Step By Step Guide To Build Visual Inspection of Casting Products Using CNN

Last Updated on March 14, 2023 by Editorial Team

Author(s): Akshit Mehra

Originally published on Towards AI.


Casting refers to the manufacturing process in which a molten material like metal is poured into a hole or mold with the required shape and allowed to harden or solidify there. A casting defect refers to an irregularity introduced in the component during the casting process.

Figure: Casting Process (Source)

A quality inspection of these components becomes important because any defective product can cause the rejection of the whole order, which can cause a hefty financial loss to the business.

Instances where a defective product goes into the application is also undesired and is avoided at all costs. As it can cause some unexpected failure in the machine component, which can lead to huge losses.

Figure: Casting Defects (Source)

Visual Inspection of defects involves manually looking at each component and then deciding whether the piece is defective or not. This becomes both costly and time consuming.

In this blog, we try to use CNN (Convolution Neural Network), a deep learning model for detecting casting defects by analyzing images of casting products.


To proceed further and understand CNN based approach for detecting casting defects, one should be familiar with:

  1. Python: All the below code will be written using python.
  2. Tensorflow: TensorFlow is a free and open-source machine learning and artificial intelligence software library. It can be utilized for a variety of tasks, but it is most commonly employed for deep neural network training and inference.
  3. Keras: Keras is a Python interface for artificial neural networks and is an open-source software. Keras serves as an interface for the TensorFlow library
  4. Jupyter Notebook: Jupyter notebooks are web-based platforms built for mathematical and scientific computations. We build our tutorial on jupyter Notebook.

Apart from above listed tools, there are certain other theoretical concepts one should be familiar with to understand the below tutorial.

1. Convolution Neural Networks

Convolution Neural Networks (CNN) are a type of network architecture in deep learning which are mainly used for image related tasks, like Image classification, Image segmentation, etc. The network connectivity in CNN resembles that of the human brain.

Figure: Convolution Neural Network Architecture

Convolution Neural Network are composed mainly of 3 layers:

  1. Convolution Layer: The convolutional layer will calculate the scalar product between the weights of the input volume-connected area and the neurons whose output is related to particular regions of the input.
  2. Pooling Layer: To further reduce the amount of parameters in that activation, the pooling layer will then simply down-sample along the spatial dimensionality of the input.
  3. Fully Connected Layers: The fully-connected layers will next carry out the similar tasks as in conventional ANNs and make an effort to derive class scores from the activations, which can subsequently be used for classification.

One of the major advantages of using CNN is Parameter sharing. The idea behind parameter sharing is that if a region characteristic can be computed at one specific spatial location, it is likely to be helpful at another.

The output volume’s total number of parameters will be drastically reduced if each individual activation map is constrained to have the same weights and bias.

2. Activation functions

Generally, the data that we work on is non linear in nature, i.e. the instance features and the corresponding prediction value. Activation functions are functions which are applied to each neuron/cell in artificial neural networks to introduce non-linearity in them.

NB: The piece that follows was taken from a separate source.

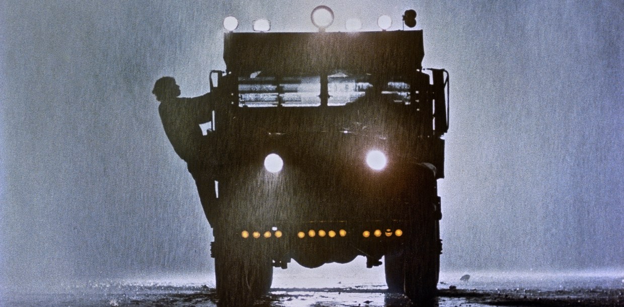 L’histoire, on la connait, les anecdotes d’un tournage tendu aussi. Ce qu’il faut savoir, c’est qu’il s’agit là d’une histoire d’hommes. D’hommes vidés, au bout du rouleau, exilés dans un cloaque exotique, survivants misérables pas si éloignés de bagnards libérés mais relégués sur un territoire aussi beau qu’hostile. Quand ils se portent volontaires pour l’explosive mission de transport, c’est, d’abord, dans l’espoir d’une porte de sortie vers un monde plus riche, plus blanc, plus en rapport avec leur background. Mais il s’agit tout autant, hommes que nous sommes, de relever un défi, d’être en mouvement, de savoir si… Tout pour ne pas pourrir sur pieds, zombies blafards et peureux. Film noir, film d’aventures, film de durs-à-cuire, Sorcerer est peut-être surtout un cauchemar éveillé, une vision morbide de la finitude, une réalité hallucinée renvoyant presque idéalement à l’idée de réalité floue voulue par Georges Arnaud, qui commençait son roman Le salaire de la peur par une sorte d’avertissement s’achevant par quelques mots d’une fascinante étrangeté. A peu de choses près, il écrivait : « Le Guatemala n’existe pas. Je le sais, j’y ai vécu. »

There are many activation functions which are used:

  1. ReLU: ReLU basically stands for Rectified Linear unit. Mathematically, it is defined as:

Figure: Mathematical Formuale for ReLU

The ReLU activation function is far more computationally efficient as compared to other

activation functions. Further, it converges faster to the global minimum due to its linearity and non saturating nature.

  1. Sigmoid: Sigmoid function, also known as logistic function, takes input any real value and outputs a value in the range of 0 to 1. It is one of the most widely used activation functions. Mathematically, it is represented as

Figure: Mathematical Formulae for sigmoid function

This function is generally used for models where output computed is the probability.

Also, the function is differentiable and thus forms a smooth gradient, i.e it prevents the output values from jumping around or causing oscillations.


To proceed further with our CNN based inspection system:

  1. We start with a data exploration task. We analyze the data and figure out if any skewness, or if any pattern is observed.
  2. Create our CNN model using Tensorflow and train it using training data.
  3. Perform hyperparameter tuning to fine tune our model, i.e. reduce overfitting or underfitting.
  4. Perform prediction on test Images.

Figure: Flowchart for methodology (Image by author)

Dataset Selection

For our project, we will use the dataset available on Kaggle. The dataset contains images of defective and non-defective parts. In total there are 7358 images out of which 6633 training images and 715 test images. Further breaking down,

Figure: Analysis of dataset (Image by author)

The images are 3 channel images, i.e. RGB in nature with a dimension of (300, 300, 3).


Now, we will begin to code for a CNN based system for detecting casting defects.

Environment Setup

Below points need to be done before running the code:

  1. The code below is written in my local jupyter notebook. Therefore, install jupyter. You can refer to this You can install anaconda and use jupyter from there.
  2. If Anaconda doesn’t work, you can refer to:
  3. The Datadirectory variable contains a path to the folder containing image data.

It is a path to the directory which contains the path to both folders, train and test.

4. Further, test and train directory are divided into 2 folders i.e. ok_front which contains non-defective images of components and def_front which contains images of defected parts

Hands-on with Code

We begin by importing all the required libraries.

Next, we perform a data visualization. The dataset contains a total of 7448 images of both defective and non-defective. We basically plot a histogram comparing number of images which are defective vs non-defective.

We also do a bar plot to see a comparison between defective and non-defective data to see if data contains any skewness.

Figure: Barplot comparing count of Defective and Non-defective (Image by author)

From the above plot, we see that the dataset is a bit skewed towards defective parts. But, the data is distributed such that 60% of images are defective and 40% are non-defective. Thus, in this case the model will not be that biased.

But in cases where the data is largely skewed towards some class, it could result in the model being biased towards that particular class. In such case, one can:

  1. Increase the dataset so that skewness reduces.
  2. Perform data augmentation on the existing dataset.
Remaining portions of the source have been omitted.